> _EXERCISE_:
Your output should be the records below, word for word and picture-free.

── SUPPLIED MATERIAL

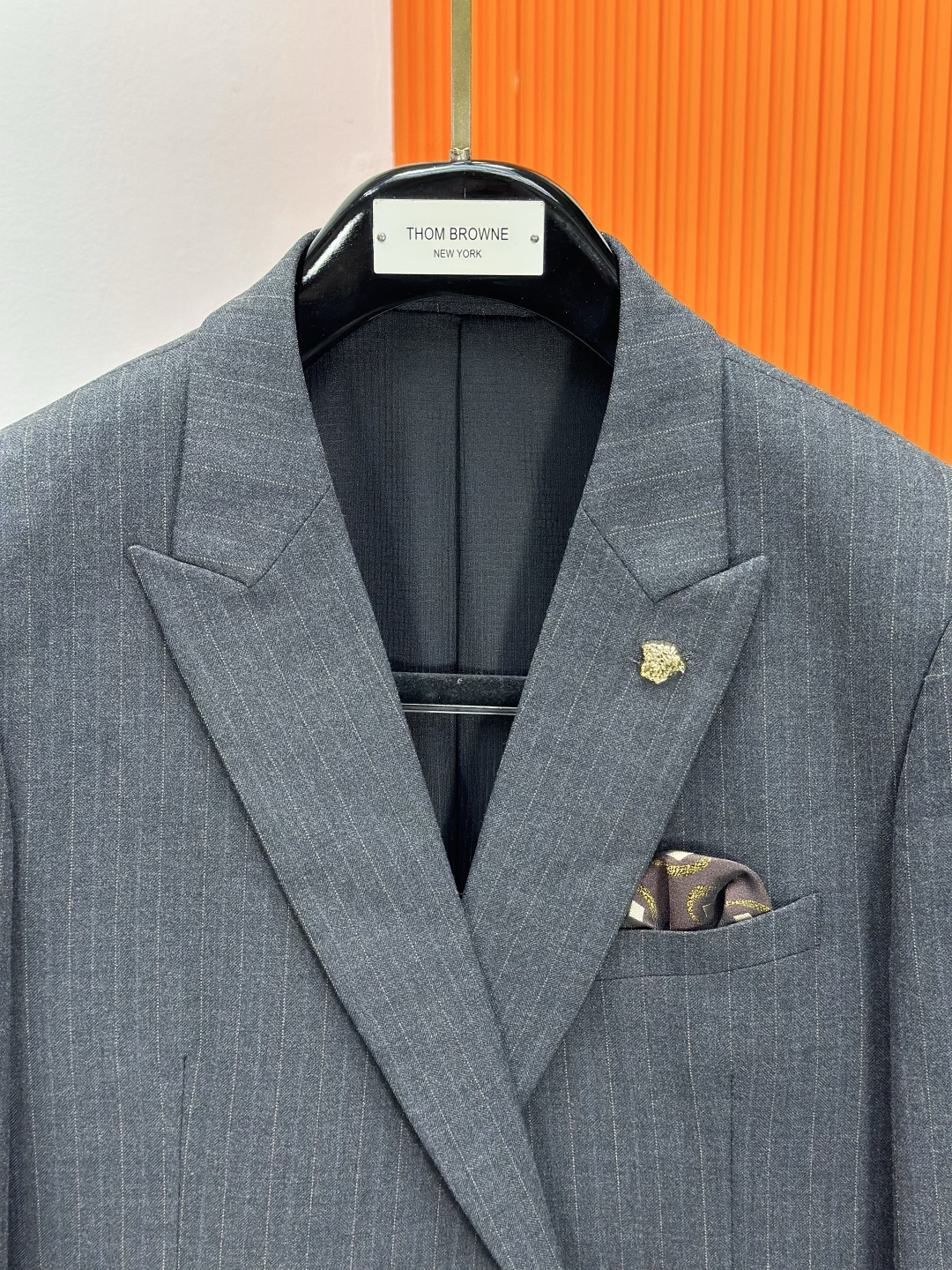 Versace 2025 casual business suit set. Modern clasp, classic lapel, custom logo. Sizes 46-56. Comfortable and stylish for various occasions.
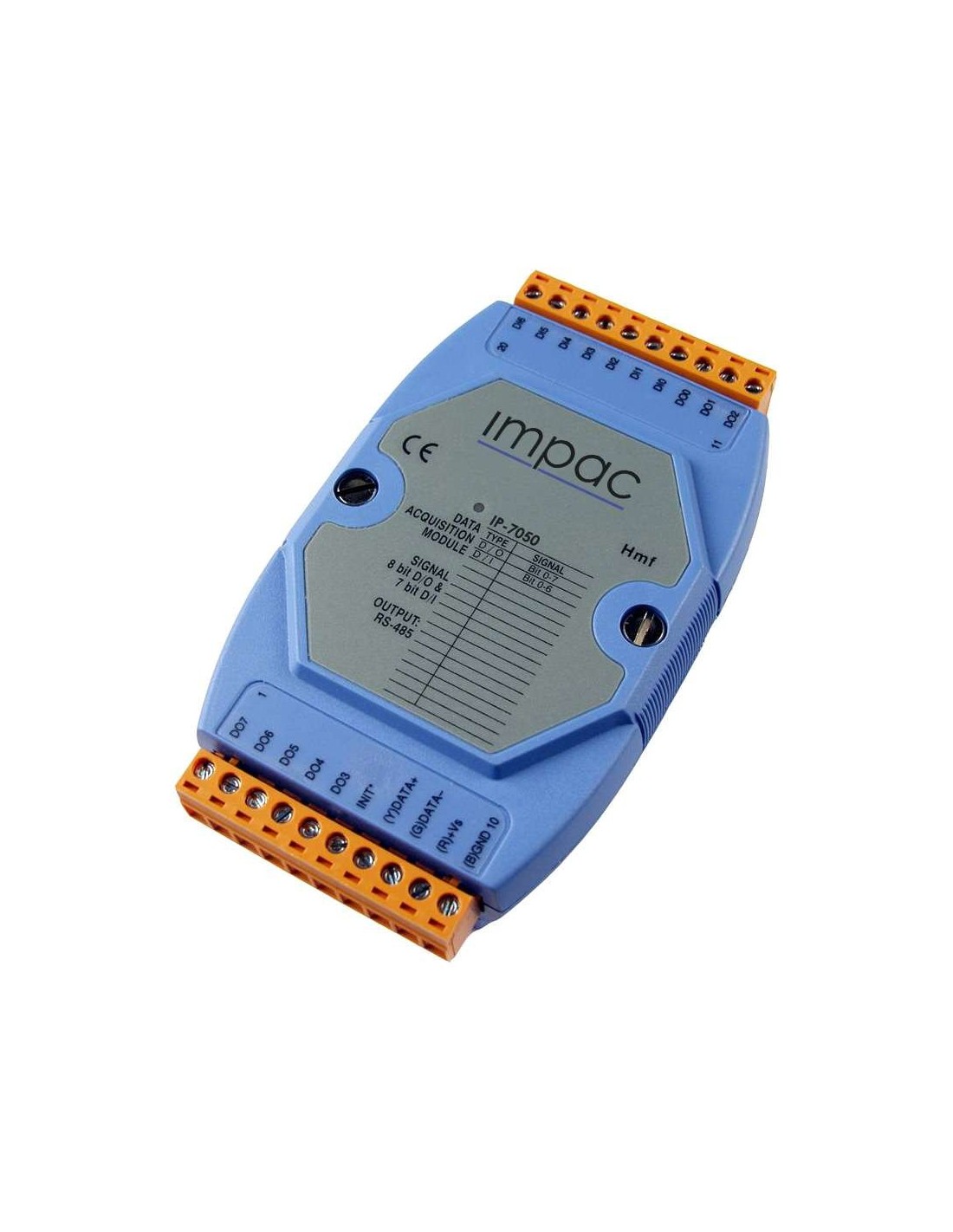 O Módulo Entrada Digital RS-485 IP-7050 oferece 7 canais de entrada digital e 8 canais de saída digital, não isolados.
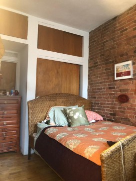 The apartment has high ceilings-brick walls, fireplace, Cable TV/Stereo, Dvd.
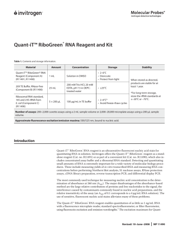 Quant-iT™ RiboGreen® RNA Reagent and Kit Table 1. Contents and storage information. Material Amount Quant-iT™ RiboGreen® RNA Reagent (Component A) (R11491, R11490) 1 mL 20X TE Buffer, RNase-free (Component B) (R11490) 25 mL Ribosomal RNA standard, 16S and 23S rRNA from E. coli (Component C) (R11490) Concentration Solution in DMSO 5 × 200 μL Storage Stability • 2–6°C • Desiccate • Protect from light When stored as directed, products are stable for at least 1 year. 200 mM Tris-HCl, 20 mM EDTA, pH 7.5 in DEPCtreated water • ≤25°C 100 μg/mL in TE buffer • 2–6°C* • Avoid freeze-thaw cycles *For long-term storage, store the rRNA standards at ≤–20°C or –70°C. Number of assays: 200–2,000 cuvette assays using a 2 mL sample volume or 2,000–20,000 microplate assays using a 200 μL sample volume. Approximate fluorescence excitation/emission maxima: 500/525 nm, bound to nucleic acid. Introduction Quant-iT™ RiboGreen® RNA reagent is an ultrasensitive fluorescent nucleic acid stain for quantitating RNA in solution. Invitrogen offers the Quant-iT™ RiboGreen® reagent as a standalone reagent (Cat. no. R11491) or as part of a convenient kit (Cat. no. R11490), which also includes concentrated assay buffer and a ribosomal RNA standard. Detecting and quantitating small amounts of RNA is extremely important for a wide variety of molecular biology procedures. These include measuring yields of in vitro transcribed RNA and measuring RNA concentrations before performing Northern blot analysis, S1 nuclease assays, RNase protection assays, cDNA library preparation, reverse transcription PCR, and differential display PCR. The most commonly used technique for measuring nucleic acid concentration is the determination of absorbance at 260 nm (A260 ). The major disadvantages of the absorbance-based method are the large relative contribution of proteins and free nucleotides to the signal, the interference caused by contaminants commonly found in nucleic acid preparations, and the relative insensitivity of the assay (an A260 of 0.1 corresponds to a 4 µg/mL RNA solution). The use of sensitive, fluorescent nucleic acid stains alleviates many of these problems. The Quant-iT™ RiboGreen® RNA reagent enables quantitation of as little as 1 ng/mL RNA with a fluorescence microplate reader, standard spectrofluorometer, or filter fluorometer, using fluorescein excitation and emission wavelengths.1 The excitation maximum for Quant- Revised: 10–June–2008 | MP 11490 iT™ RiboGreen® reagent bound to RNA is ~500 nm and the emission maximum is ~525 nm. Using a fluorescence microplate reader, as little as 200 pg RNA can be detected in a 200 µL assay volume.1 This sensitivity exceeds that achieved with ethidium bromide–based assays 2 by 200-fold and exceeds that achieved with ultraviolet absorbance determination by 1,000fold. The linear range for quantitation with Quant-iT™ RiboGreen® reagent extends over three orders of magnitude in RNA concentration—from 1 ng/mL to 1 µg/mL RNA—using two dye concentrations 1 (Figure 1). The high-range assay allows quantitation of 20 ng/mL to 1 µg/mL RNA, and the low-range assay allows quantitation of 1 ng/mL to 50 ng/mL RNA. This linearity is maintained in the presence of several compounds commonly found to contaminate nucleic acid preparations, including nucleotides, salts, urea, ethanol, chloroform, detergents, proteins, and agarose.1 In addition, although the Quant-iT™ RiboGreen® reagent also binds to DNA, pretreatment of mixed samples with DNase can be used to generate an RNA-selective assay1 (see Eliminating DNA from Samples at the end of this document). Figure 1. Dynamic range and sensitivity of the Quant-iT™ RiboGreen® RNA assay. For the high-range assay (top panel), Quant-iT™ RiboGreen® reagent was diluted 200-fold into 10 mM Tris-HCl, 1 mM EDTA, pH 7.5 (TE) and 100 μL of the reagent solution was added to microplate wells containing 100 μL ribosomal RNA in TE. For the low-range assay (bottom panel), Quant-iT™ RiboGreen® reagent was diluted 2,000-fold into TE, and 100 μL of the reagent solution was added to microplate wells containing 100 μL of ribosomal RNA in TE. Samples were excited at 485 ± 10 nm and the fluorescence emission intensity was measured at 530 ± 12.5 nm using a fluorescence microplate reader. Fluorescence emission intensity was then plotted versus RNA concentration. Quant-iT™ RiboGreen® Reagent and Kit | 2 Before You Begin Handling and Disposal Prevent RNase contamination of the Quant-iT™ RiboGreen® reagent and kit components. Always use clean disposable gloves while handling all materials. Caution: No data are available addressing the mutagenicity or toxicity of Quant-iT™ RiboGreen® RNA reagent. Because this reagent binds to nucleic acids, treat the reagent as a potential mutagen and handle with appropriate care. Handle the DMSO stock solution with particular caution as DMSO is known to facilitate the entry of organic molecules into tissues. We strongly recommend using double gloves when handling the DMSO stock solution. As with all nucleic acid reagents, pour solutions of Quant-iT™ RiboGreen® reagent through activated charcoal before disposal. The charcoal must then be incinerated to destroy the dye. Preparing Assay Buffer TE buffer (10 mM Tris-HCl, 1 mM EDTA, pH 7.5) is used for diluting the Quant-iT™ RiboGreen® reagent and for diluting RNA samples. Make sure the TE solution is free of contaminating nucleases and nucleic acids. Wear clean disposable gloves during handling and preparation of all materials and solutions. Prepare all solutions in sterile disposable plasticware or nuclease-free glassware, using nuclease-free pipettes. The 20X TE buffer included in the Quant-iT™ RiboGreen® RNA Assay Kit is nuclease-free and nucleic acid–free. Prepare the 1X TE working solution by diluting the concentrated buffer (Component B) 20-fold with nuclease-free water. Prepare nuclease-free
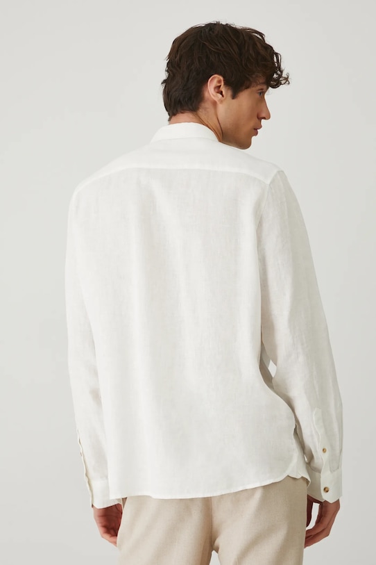 Эта рубашка из коллекции Medicine. Она сшита из льна и имеет воротник на пуговицах. - Натуральный, воздушный и прочный материал, изготовлен из 100% льна. - Рубашка прямого кроя мягко облегает фигуру, но не подчеркивает ее, обеспечивая свободу движений. - Длинный рукав. - Манжеты на пуговицах. - Воротник на пуговицах. - Застежка на пуговицы. - Гладкая ткань. - Окружность воротника: 44,5 см. - Длина рукава: 68 см. - Длина: 77,6 см. - Ширина груди: 58,5 см. - Ширина плеч: 47,5 см. - Размеры указаны для размера: L.
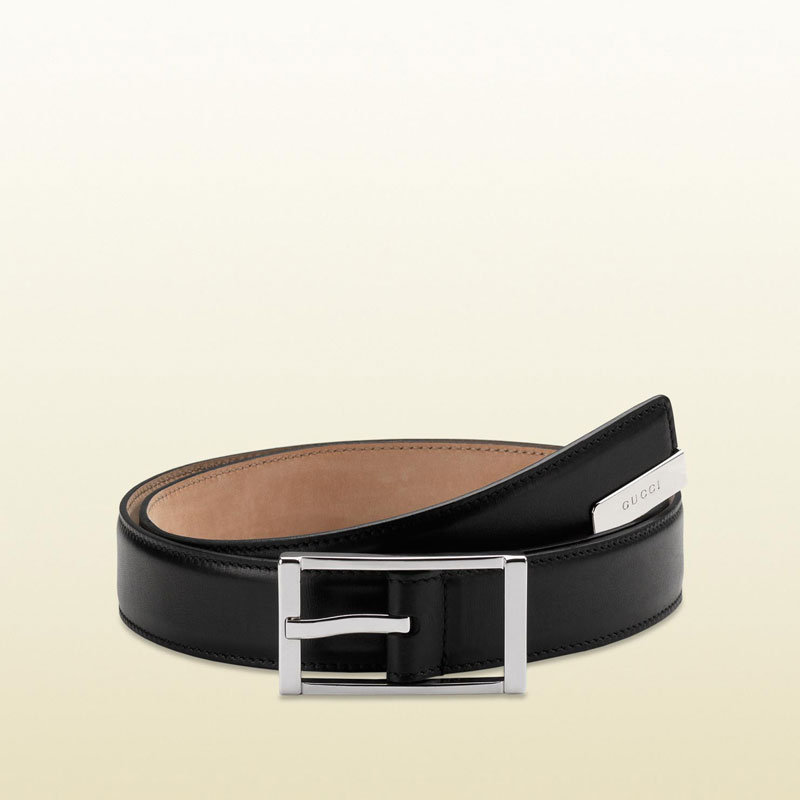 Gucci black leather belt with rectangular buckle 268239 A490N 1000
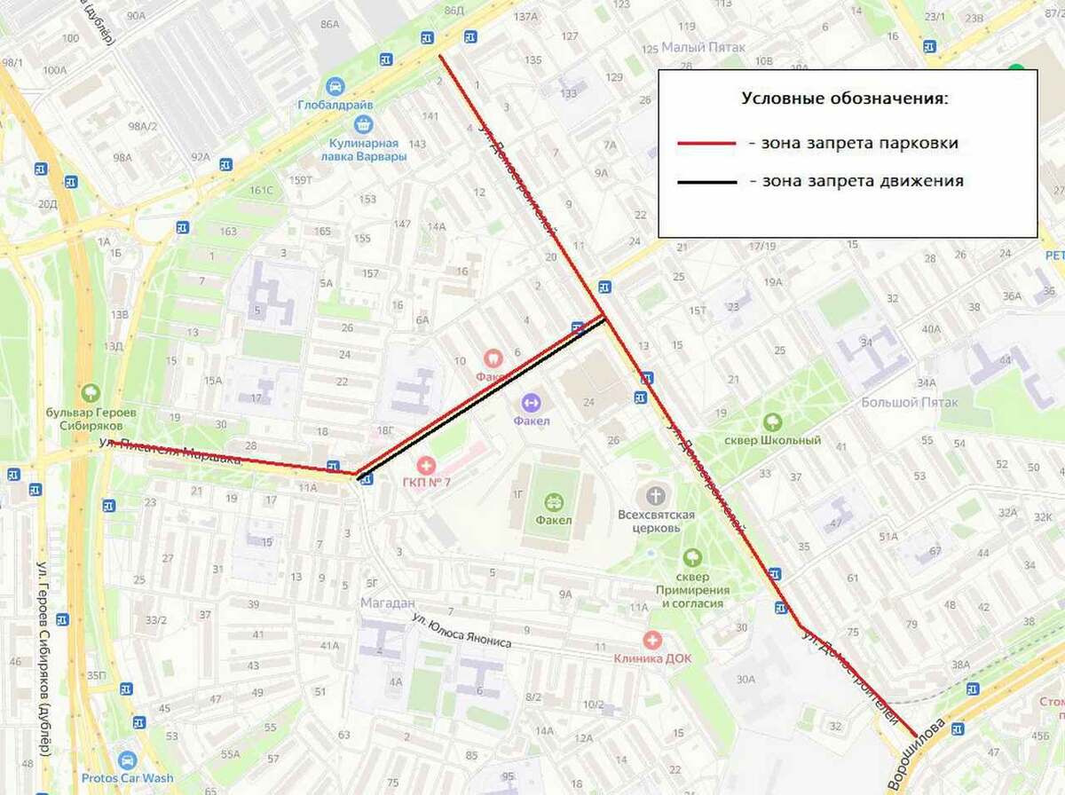 В связи с проведением футбольного матча Премьер-лиги на стадионе «Факел» 20 апреля будут введены запреты на движение и парковку в окрестностях спортивного объекта. Как сообщили в управлении дорожного хозяйства Воронежа, с 18:00 субботы, 19 апреля, до 18:00 воскресенья, 20 апреля, будет действовать запрет на остановку и парковку транспортных средств на участках улиц Домостроителей (от пересечения с улицей Ворошилова до улицы Пеше-Стрелецкой) и Писателя Маршака (от улицы Домостроителей до улицы Героев Сибиряков). А уже в день матча, 20 апреля, с 07:00 до 18:00 будет полностью перекрыто движение для автотранспорта на участке улицы Писателя Маршака, начиная от дома №18А и до пересечения с улицей Домостроителей. В период действия ограничений некоторые автобусные маршруты претерпят изменения: - автобусы №№12, 54, 72 будут следовать в объезд по улицам Героев Сибиряков, Пеше-Стрелецкой, Домостроителей, Ворошилова, минуя обычный участок маршрута от остановки «Юго-Западный рынок»; - автобус №17

────

> _REPLY_:
 Versace 2025 casual business suit set. Modern clasp, classic lapel, custom logo. Sizes 46-56. Comfortable and stylish for various occasions.
 O Módulo Entrada Digital RS-485 IP-7050 oferece 7 canais de entrada digital e 8 canais de saída digital, não isolados.
 The apartment has high ceilings-brick walls, fireplace, Cable TV/Stereo, Dvd.
 Quant-iT™ RiboGreen® RNA Reagent and Kit Table 1. Contents and storage information. Material Amount Quant-iT™ RiboGreen® RNA Reagent (Component A) (R11491, R11490) 1 mL 20X TE Buffer, RNase-free (Component B) (R11490) 25 mL Ribosomal RNA standard, 16S and 23S rRNA from E. coli (Component C) (R11490) Concentration Solution in DMSO 5 × 200 μL Storage Stability • 2–6°C • Desiccate • Protect from light When stored as directed, products are stable for at least 1 year. 200 mM Tris-HCl, 20 mM EDTA, pH 7.5 in DEPCtreated water • ≤25°C 100 μg/mL in TE buffer • 2–6°C* • Avoid freeze-thaw cycles *For long-term storage, store the rRNA standards at ≤–20°C or –70°C. Number of assays: 200–2,000 cuvette assays using a 2 mL sample volume or 2,000–20,000 microplate assays using a 200 μL sample volume. Approximate fluorescence excitation/emission maxima: 500/525 nm, bound to nucleic acid. Introduction Quant-iT™ RiboGreen® RNA reagent is an ultrasensitive fluorescent nucleic acid stain for quantitating RNA in solution. Invitrogen offers the Quant-iT™ RiboGreen® reagent as a standalone reagent (Cat. no. R11491) or as part of a convenient kit (Cat. no. R11490), which also includes concentrated assay buffer and a ribosomal RNA standard. Detecting and quantitating small amounts of RNA is extremely important for a wide variety of molecular biology procedures. These include measuring yields of in vitro transcribed RNA and measuring RNA concentrations before performing Northern blot analysis, S1 nuclease assays, RNase protection assays, cDNA library preparation, reverse transcription PCR, and differential display PCR. The most commonly used technique for measuring nucleic acid concentration is the determination of absorbance at 260 nm (A260 ). The major disadvantages of the absorbance-based method are the large relative contribution of proteins and free nucleotides to the signal, the interference caused by contaminants commonly found in nucleic acid preparations, and the relative insensitivity of the assay (an A260 of 0.1 corresponds to a 4 µg/mL RNA solution). The use of sensitive, fluorescent nucleic acid stains alleviates many of these problems. The Quant-iT™ RiboGreen® RNA reagent enables quantitation of as little as 1 ng/mL RNA with a fluorescence microplate reader, standard spectrofluorometer, or filter fluorometer, using fluorescein excitation and emission wavelengths.1 The excitation maximum for Quant- Revised: 10–June–2008 | MP 11490 iT™ RiboGreen® reagent bound to RNA is ~500 nm and the emission maximum is ~525 nm. Using a fluorescence microplate reader, as little as 200 pg RNA can be detected in a 200 µL assay volume.1 This sensitivity exceeds that achieved with ethidium bromide–based assays 2 by 200-fold and exceeds that achieved with ultraviolet absorbance determination by 1,000fold. The linear range for quantitation with Quant-iT™ RiboGreen® reagent extends over three orders of magnitude in RNA concentration—from 1 ng/mL to 1 µg/mL RNA—using two dye concentrations 1 (Figure 1). The high-range assay allows quantitation of 20 ng/mL to 1 µg/mL RNA, and the low-range assay allows quantitation of 1 ng/mL to 50 ng/mL RNA. This linearity is maintained in the presence of several compounds commonly found to contaminate nucleic acid preparations, including nucleotides, salts, urea, ethanol, chloroform, detergents, proteins, and agarose.1 In addition, although the Quant-iT™ RiboGreen® reagent also binds to DNA, pretreatment of mixed samples with DNase can be used to generate an RNA-selective assay1 (see Eliminating DNA from Samples at the end of this document). Figure 1. Dynamic range and sensitivity of the Quant-iT™ RiboGreen® RNA assay. For the high-range assay (top panel), Quant-iT™ RiboGreen® reagent was diluted 200-fold into 10 mM Tris-HCl, 1 mM EDTA, pH 7.5 (TE) and 100 μL of the reagent solution was added to microplate wells containing 100 μL ribosomal RNA in TE. For the low-range assay (bottom panel), Quant-iT™ RiboGreen® reagent was diluted 2,000-fold into TE, and 100 μL of the reagent solution was added to microplate wells containing 100 μL of ribosomal RNA in TE. Samples were excited at 485 ± 10 nm and the fluorescence emission intensity was measured at 530 ± 12.5 nm using a fluorescence microplate reader. Fluorescence emission intensity was then plotted versus RNA concentration. Quant-iT™ RiboGreen® Reagent and Kit | 2 Before You Begin Handling and Disposal Prevent RNase contamination of the Quant-iT™ RiboGreen® reagent and kit components. Always use clean disposable gloves while handling all materials. Caution: No data are available addressing the mutagenicity or toxicity of Quant-iT™ RiboGreen® RNA reagent. Because this reagent binds to nucleic acids, treat the reagent as a potential mutagen and handle with appropriate care. Handle the DMSO stock solution with particular caution as DMSO is known to facilitate the entry of organic molecules into tissues. We strongly recommend using double gloves when handling the DMSO stock solution. As with all nucleic acid reagents, pour solutions of Quant-iT™ RiboGreen® reagent through activated charcoal before disposal. The charcoal must then be incinerated to destroy the dye. Preparing Assay Buffer TE buffer (10 mM Tris-HCl, 1 mM EDTA, pH 7.5) is used for diluting the Quant-iT™ RiboGreen® reagent and for diluting RNA samples. Make sure the TE solution is free of contaminating nucleases and nucleic acids. Wear clean disposable gloves during handling and preparation of all materials and solutions. Prepare all solutions in sterile disposable plasticware or nuclease-free glassware, using nuclease-free pipettes. The 20X TE buffer included in the Quant-iT™ RiboGreen® RNA Assay Kit is nuclease-free and nucleic acid–free. Prepare the 1X TE working solution by diluting the concentrated buffer (Component B) 20-fold with nuclease-free water. Prepare nuclease-free
 Эта рубашка из коллекции Medicine. Она сшита из льна и имеет воротник на пуговицах. - Натуральный, воздушный и прочный материал, изготовлен из 100% льна. - Рубашка прямого кроя мягко облегает фигуру, но не подчеркивает ее, обеспечивая свободу движений. - Длинный рукав. - Манжеты на пуговицах. - Воротник на пуговицах. - Застежка на пуговицы. - Гладкая ткань. - Окружность воротника: 44,5 см. - Длина рукава: 68 см. - Длина: 77,6 см. - Ширина груди: 58,5 см. - Ширина плеч: 47,5 см. - Размеры указаны для размера: L.
 Gucci black leather belt with rectangular buckle 268239 A490N 1000
 В связи с проведением футбольного матча Премьер-лиги на стадионе «Факел» 20 апреля будут введены запреты на движение и парковку в окрестностях спортивного объекта. Как сообщили в управлении дорожного хозяйства Воронежа, с 18:00 субботы, 19 апреля, до 18:00 воскресенья, 20 апреля, будет действовать запрет на остановку и парковку транспортных средств на участках улиц Домостроителей (от пересечения с улицей Ворошилова до улицы Пеше-Стрелецкой) и Писателя Маршака (от улицы Домостроителей до улицы Героев Сибиряков). А уже в день матча, 20 апреля, с 07:00 до 18:00 будет полностью перекрыто движение для автотранспорта на участке улицы Писателя Маршака, начиная от дома №18А и до пересечения с улицей Домостроителей. В период действия ограничений некоторые автобусные маршруты претерпят изменения: - автобусы №№12, 54, 72 будут следовать в объезд по улицам Героев Сибиряков, Пеше-Стрелецкой, Домостроителей, Ворошилова, минуя обычный участок маршрута от остановки «Юго-Западный рынок»; - автобус №17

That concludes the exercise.